Ensuite, d'un point de vue technique. Outre le fait qu'il n'existe pas de norme technique commune dans le secteur audiovisuel, rendant difficile la communication entre les différents systèmes, la diffusion de publicités en temps réel constitue un défi technique d'envergure. A ce titre, le RTB [real time bidding] devra vraisemblablement être abandonné. De par son fonctionnement d’enchères en temps réel, ce mode d’achat ne peut en effet pas assurer un taux de remplissage des plages publicitaires à 100% et risque de déprécier la valeur des spots, et d’une manière générale de dégrader l'écosystème TV. La solution n'est pas de basculer la télévision dans le tout programmatique, mais bien d'évoluer vers un modèle hybride où le mode d'achat traditionnel («upfront», «traded deals» en allocation) coexistera avec un mode d'achat automatisé (type place de marché), en proposant le meilleur des deux mondes. 

La collecte des données est également un autre défi à relever, pour garantir aux annonceurs l'individualisation de leurs messages publicitaires. Réaliser un ciblage automatisé au niveau des impressions via les décodeurs n'est, aujourd'hui, techniquement pas faisable. Seules les chaînes qui ont mis en place un système de log en TV adressable (e.g. M6) ou d'abonnement (e.g. Canal+) sont sur la voie de la personnalisation, sur la base de données comportementales et démographiques de leurs utilisateurs. Il va sans dire que les discussions avec les FAI [fournisseurs d'accès à internet] sont cruciales, pour envisager d'enrichir la data IPTV.

La clé technologique

C’est un nouveau modèle qui doit maintenant être défini. Il est nécessaire que les acteurs de la chaîne de valeur se concertent et définissent un modèle de valeur où tout le monde est gagnant, et où la transparence et la protection des données sont assurées. Il faut également définir progressivement un périmètre d’action, notamment déterminer quelle part de leur inventaire les éditeurs vont allouer au programmatique ou quel type d’inventaire pourra être proposé aux annonceurs (premium, géolocalisé…).

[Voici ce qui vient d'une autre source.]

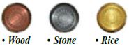 There are 3 types of resources - wood, stone, and rice; each resource type has a corresponding action to produce it, as well as corresponding resource spaces on the game board.
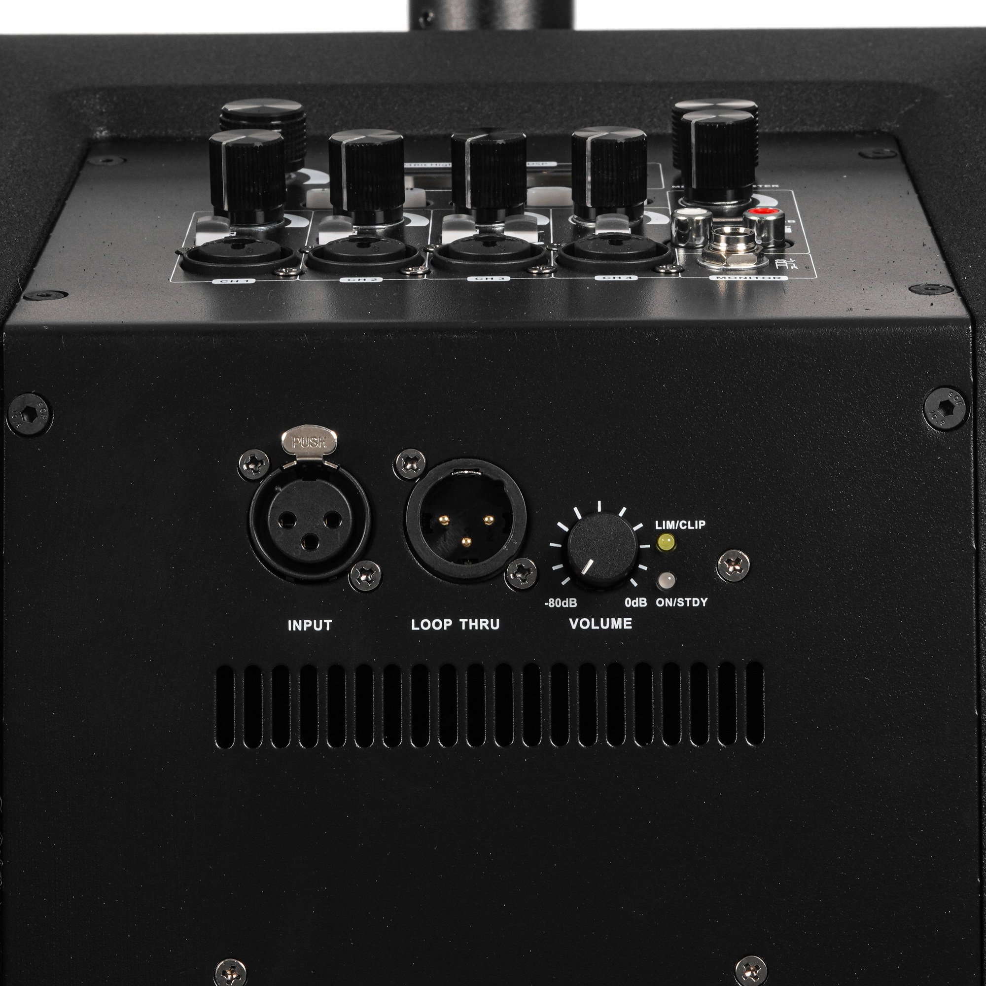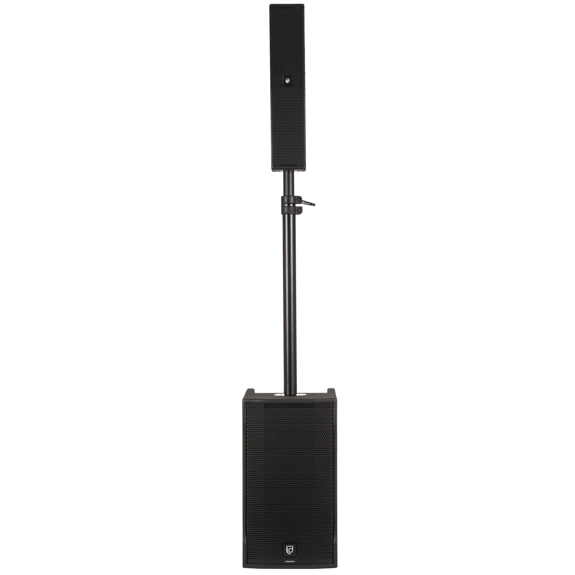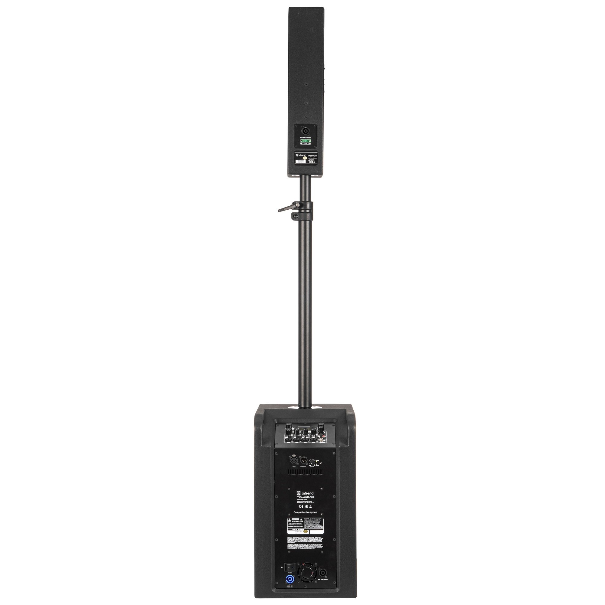 Комплект акустических систем INTREND ITSPK-VOX28 сабвуфер (2х8", 400Вт, 115dB, 40-250Гц) и звуковая колонна (4x3", 160Вт, 121dB, 190Гц-20кГц), 4-канальный микшер, MP3 плеер (USB+SD card), Bluetooth, стойка с коммутацией в комплекте (3 места)

La technologie est clairement l’une des clés de ce nouveau modèle. On voit d’ailleurs que le marché de l’«adtech» se structure, et que les silos ont été cassés. Seules les plateformes technologiques peuvent aujourd’hui garantir que l’optimisation est effective des deux côtés – DSP [demand side platform, service d'd’optimisation des achats d’espaces publicitaires display] et SSP [supply side platform, automatisation et optimisation de la vente d'espaces publicitaires] – et assurer la transparence et la protection des données de toutes les parties.

Dans une industrie qui évolue rapidement, le programmatique est indéniablement l’avenir de la télévision, qu'elle soit adressable, connectée ou linéaire. Mais la TV programmatique, surtout en linéaire, est un projet de longue haleine qui doit avancer par étapes pour prendre le temps de construire intelligemment la publicité TV de demain, en valorisant la qualité des contenus, en créant de la valeur pour les acteurs de l'écosystème, au service des performances des annonceurs et dans le respect des consommateurs.